Exception is page faulting within vmalloc space: vmalloc() allocates memory which is swappable, whereas kmalloc does not.例外是 vmalloc 空间内的页面错误：vmalloc() 分配可交换的内存，而 kmalloc 则不是。 The difference is in the implementation (kmalloc uses GFP_KERNEL).不同之处在于实现（kmalloc 使用 GFP_KERNEL）。 This also means that kmalloc is more likely to fail (if there is no RAM available for this), but will not page fault (it would return NULL, which itself would be a problem..)这也意味着 kmalloc 更有可能失败（如果没有可用的 RAM），但不会出现页面错误（它会返回 NULL，这本身就是一个问题..）

I think you get counfused because you haven't understand clearly about the start of kernel, process, and virtual memeory.我认为您会感到困惑，因为您对内核、进程和虚拟内存的启动还没有清楚地了解。

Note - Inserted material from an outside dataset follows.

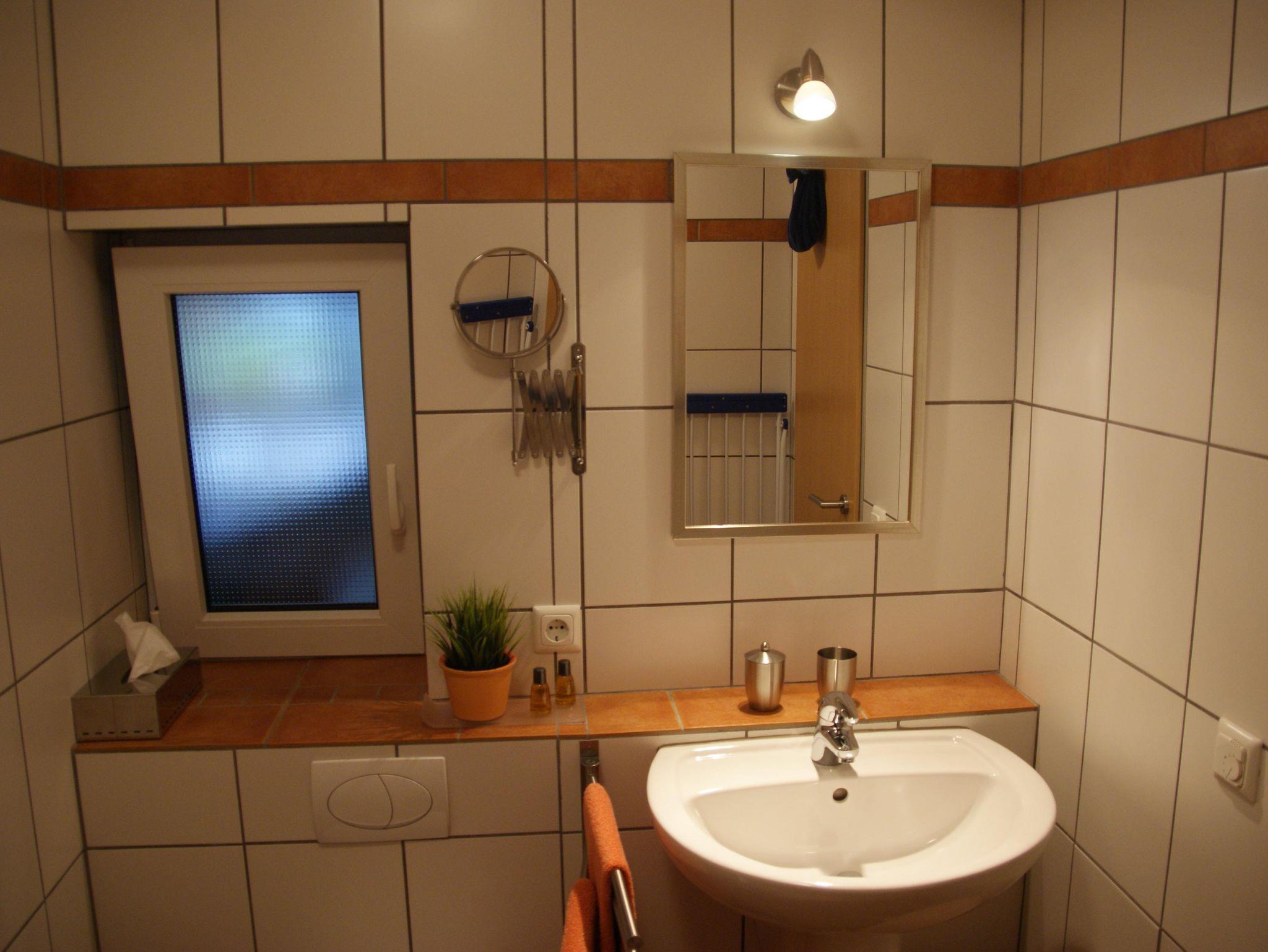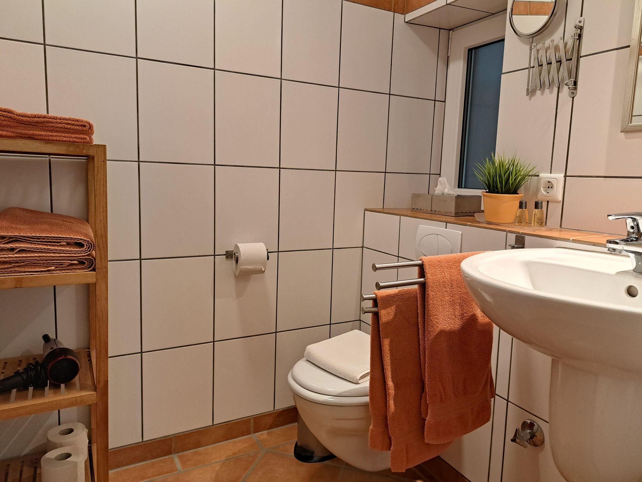 Im Bad, welches direkt vom Schlafzimmer aus zu erreichen ist finden Sie Hygieneartikel, Fön, Kosmetikspiegel, Wäscheständer, Papiertücher und Toilettenpapier. Die Dusche ist bodengleich. Hand- und Duschtücher sind natürlich inklusive (Handtücher-Wechsel bei längerem Aufenthalt inklusive).

kenrel threads never page fault: This is because the pages of kernel space and user space use different allocation methods. kenrel 线程从不缺页：这是因为内核空间和用户空间的页面使用不同的分配方法。 For the kernel space, we allocate pages when initialization, but for user space, we allocate them when running process and calling funcitons like malloc(), and after mapping, when truly using that virtual memory, we trigger page fault.对于内核空间，我们在初始化时分配页面，而对于用户空间，我们在运行进程和调用malloc()等函数时分配它们，映射后，当真正使用该虚拟内存时，我们会触发页面错误。

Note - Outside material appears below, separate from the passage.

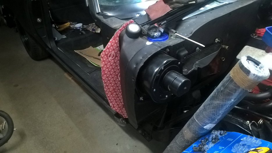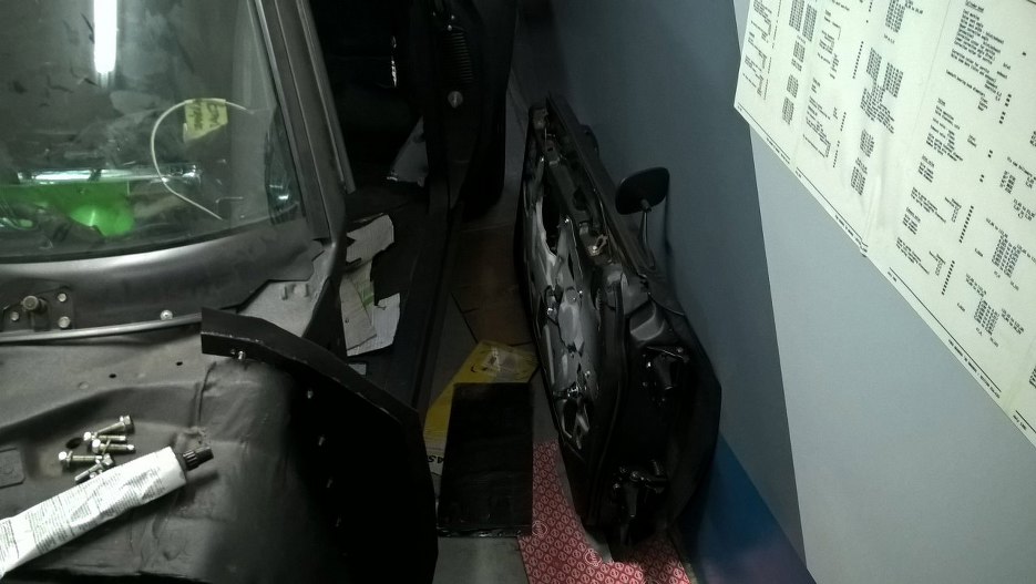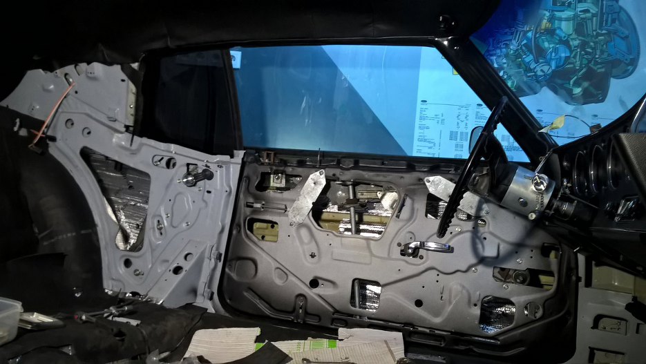 Teraz nie było łatwo - trzeba to przykręcić do karoserii. Od przodu nie było miejsca, żeby podejść z wiertarką. Z prawej strony nie było to dużym problemem, bo drzwi jeszcze tam nie ma, ale po stronie kierowcy musiałem się poddać i zdjąć drzwi...

Why can't kernel threads access user space?为什么内核线程不能访问用户空间？ When kenrel start, the process 0 will create process 1 and process 2. The process 1 is used to form the user space process tree, while the process 2 is used to manage the kernel threads. kenrel启动时，进程0会创建进程1和进程2。进程1用于形成用户空间进程树，进程2用于管理内核线程。 And the functions you mensioned are always used by those user threads to transmit data into/out of kernel to realise some function like open file or socket and so on.你提到的函数总是被那些用户线程用来将数据传入/传出内核来实现一些功能，比如打开文件或套接字等。
Exception is page faulting within vmalloc space: The vmalloc space is not function vmalloc() , it is an area in kernel memory space for some dynamic memory allocation used as an exception.异常是 vmalloc 空间内的页面错误： vmalloc 空间不是函数vmalloc() ，它是内核内存空间中的一个区域，用于某些用作异常的动态内存分配。